Kabul sets ambitious 'roadmap for peace' with Taliban

AFP , Tuesday 18 Dec 2012

In an effort to broker peace ahead of the withdrawal of Western troops, Kabul has laid out a five-step plan that could draw Taliban Islamists into the government

Kabul has laid out an ambitious five-step plan that could bring hardline Taliban Islamists into government as efforts to broker peace accelerate ahead of the withdrawal of Western troops.

The first step in the "Peace Process Roadmap to 2015", obtained by AFP this week, calls for a focus on "securing the collaboration of Pakistan", which Kabul accuses of harbouring Taliban insurgents.

This should be followed by moves towards formal direct negotiations with the Taliban in Saudi Arabia in the first half of next year, with the backing of the US and Pakistan, the four-page document says.

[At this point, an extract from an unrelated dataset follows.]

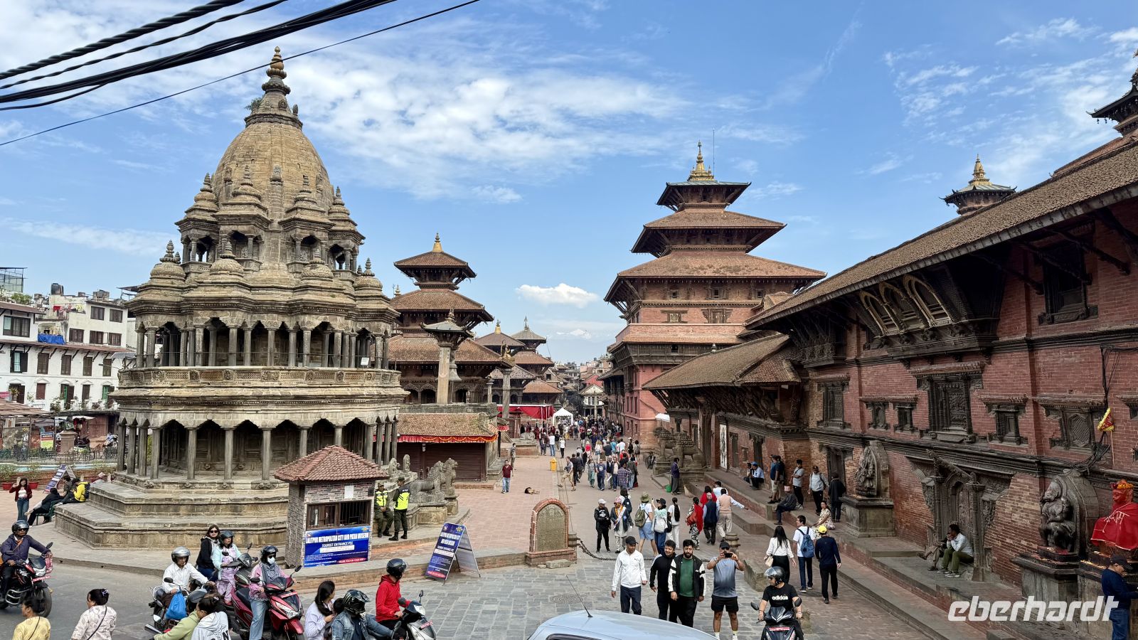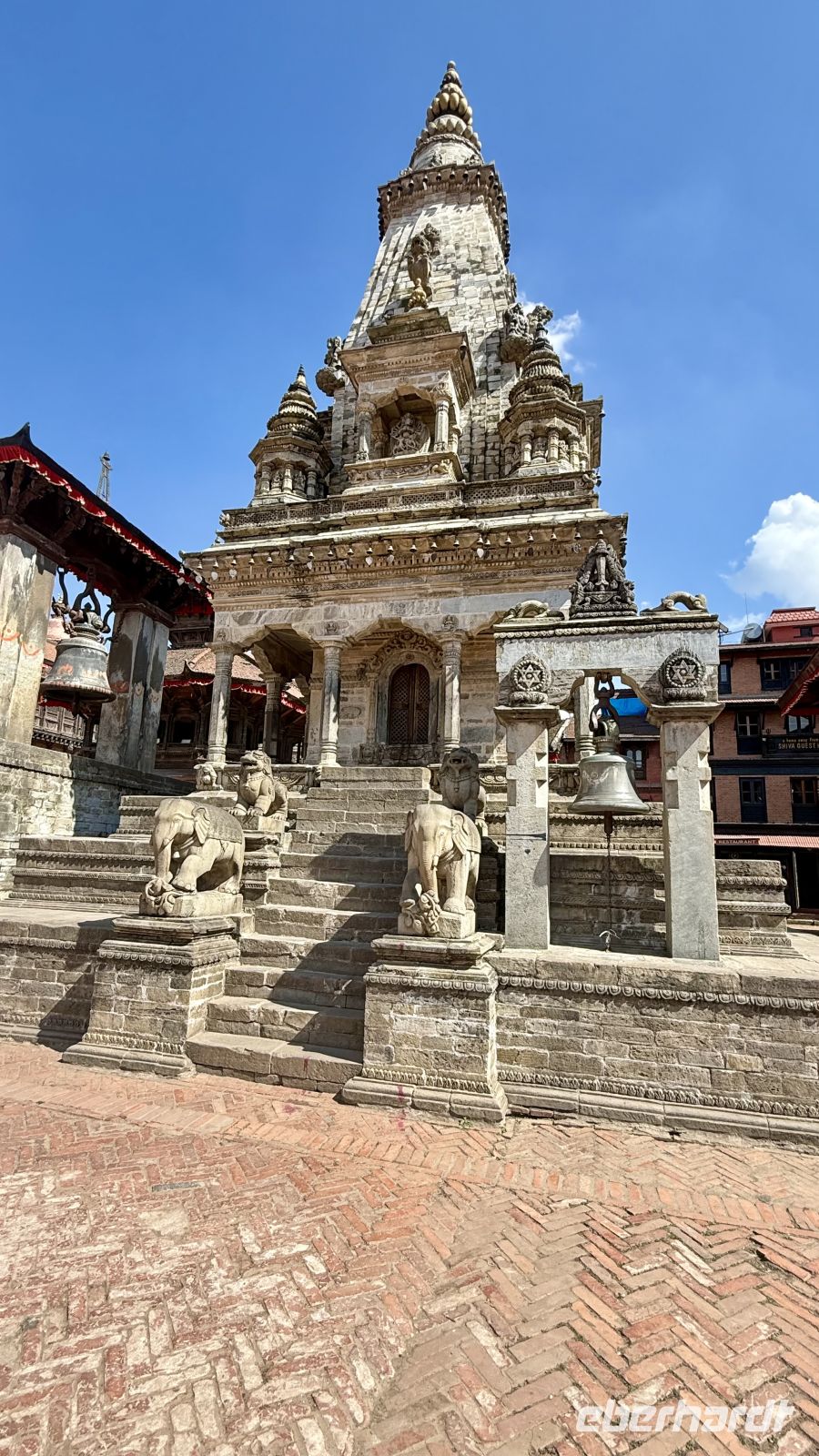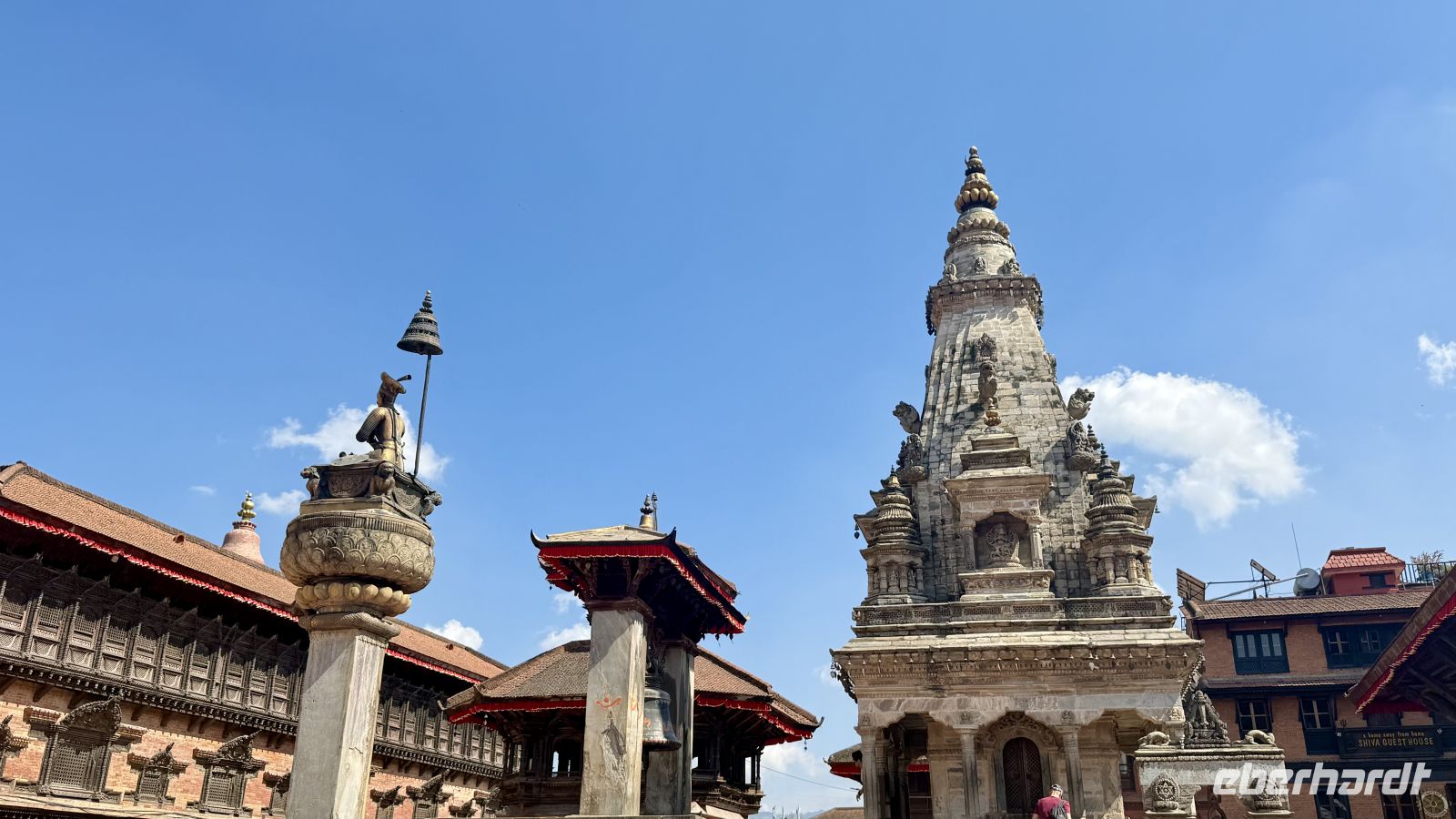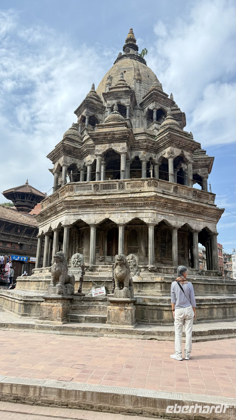 Unser erster Halt war der beeindruckende Durbar Square von Patan, ein UNESCO-Weltkulturerbe. Der Platz ist umgeben von prachtvollen Tempeln, alten Königspalästen und filigran verzierten Pagoden. Besonders faszinierend war der Königspalast von Patan, der durch seine kunstvollen Fenster und Holzschnitzereien beeindruckte. In der Mitte des Platzes steht der berühmte Krishna-Tempel, der im 17. Jahrhundert aus grauem Stein erbaut wurde – ein seltenes Material für nepalesische Tempel.

The Taliban, however, have so far publicly refused to talk directly with the government of President Hamid Karzai, dismissing him as a puppet of the Americans.

The US itself began exploratory contacts with the Taliban in Qatar this year, but the Islamists broke them off a few months later.

Step three of the roadmap, set for the second half of 2013, calls for agreements on a ceasefire and the transformation of the Taliban and other armed groups into political parties which could take part in elections.

Leaders of the Taliban could also participate "in the power structure of the state, to include non-elected positions at different levels".

The final steps in the plan include securing a peaceful end to the conflict during the first half of 2014 and moves to sustain the "long-term security and stability of Afghanistan and the region".

The Taliban regime was ousted by a US-led invasion in 2001 and there are concerns that their return to any sort of power could see an erosion of gains in democracy and human rights, particularly the rights of women.

But with the the United States and NATO due to withdraw their combat troops in 2014, there are also concerns that a multi-sided civil war could erupt, and the search for peace has taken on a new urgency.